▶ [TASK]:
Copy out the listing that follows, exactly, without its pictures.

(PROVIDED MATERIAL Opens)

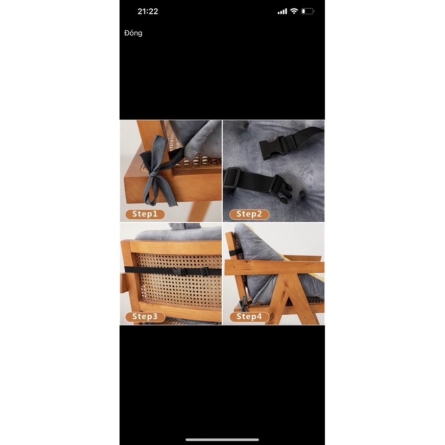 Lưu ý: Đệm là đệm bông nên cần phải có ghế tựa hoặc để dựa tường mới có thể dùng được ạ, nếu để bệt sàn không có phần tựa đệm mềm sẽ bị oải ra sau ạ.
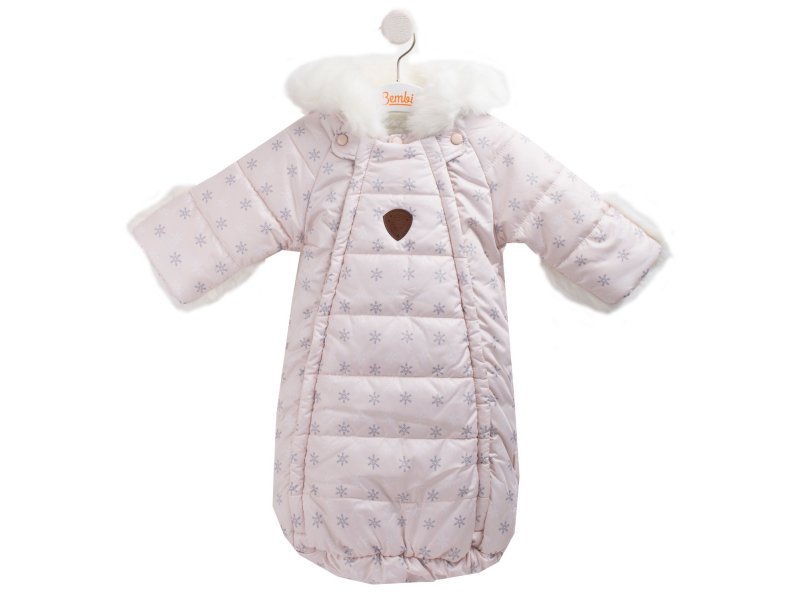 Теплый конверт с рукавами для самых маленьких от компании Bembi. Принт снежинки. Модель выполнена с капюшоном. Отделка мехом выполнена на капюшоне и рукавах. Застежка на две молнии спереди. Дополнительно имеется кнопки.
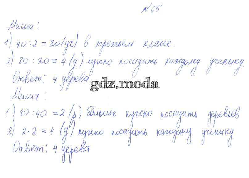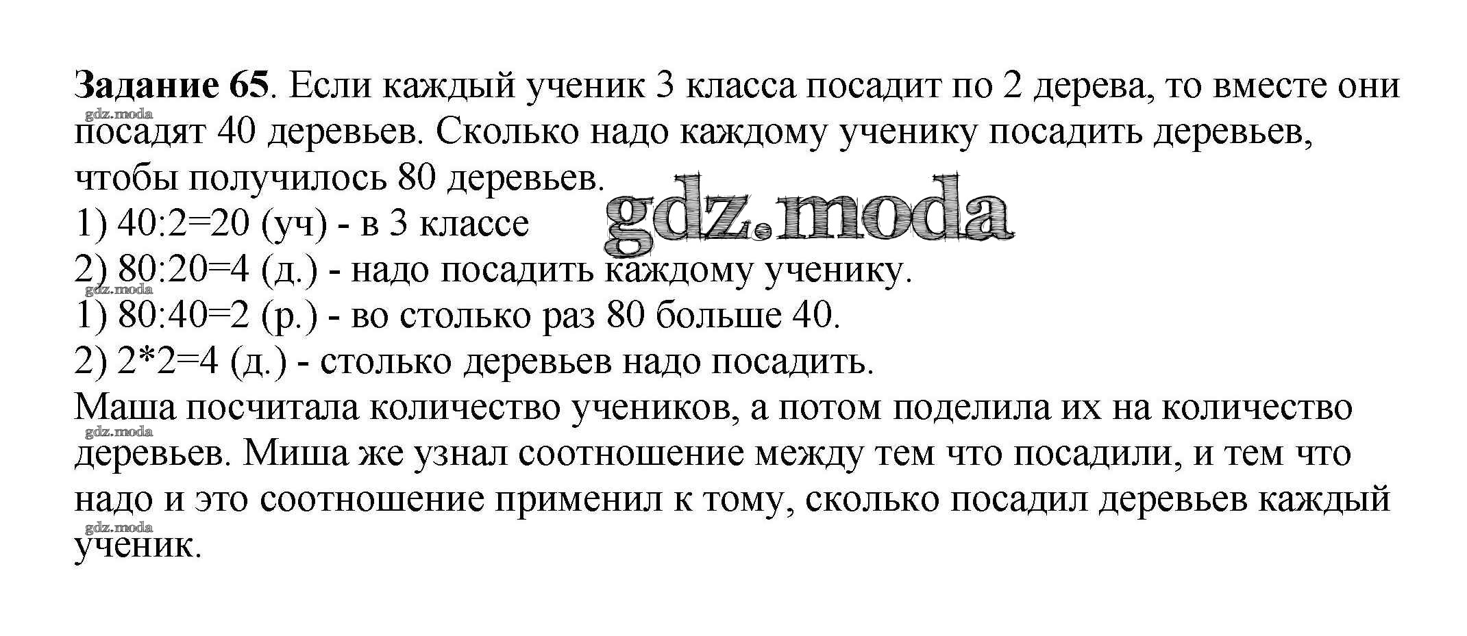ГДЗ решение к заданию № 65 Математика 3 класс Истомина Н.Б. Ассоциация 21 век 2014 Часть 1, Часть 2 ФГОС бесплатно на гдз.мода!

(PROVIDED MATERIAL Closes)

▶ [COMPLETED TASK]:
 Lưu ý: Đệm là đệm bông nên cần phải có ghế tựa hoặc để dựa tường mới có thể dùng được ạ, nếu để bệt sàn không có phần tựa đệm mềm sẽ bị oải ra sau ạ.
 Теплый конверт с рукавами для самых маленьких от компании Bembi. Принт снежинки. Модель выполнена с капюшоном. Отделка мехом выполнена на капюшоне и рукавах. Застежка на две молнии спереди. Дополнительно имеется кнопки.
ГДЗ решение к заданию № 65 Математика 3 класс Истомина Н.Б. Ассоциация 21 век 2014 Часть 1, Часть 2 ФГОС бесплатно на гдз.мода!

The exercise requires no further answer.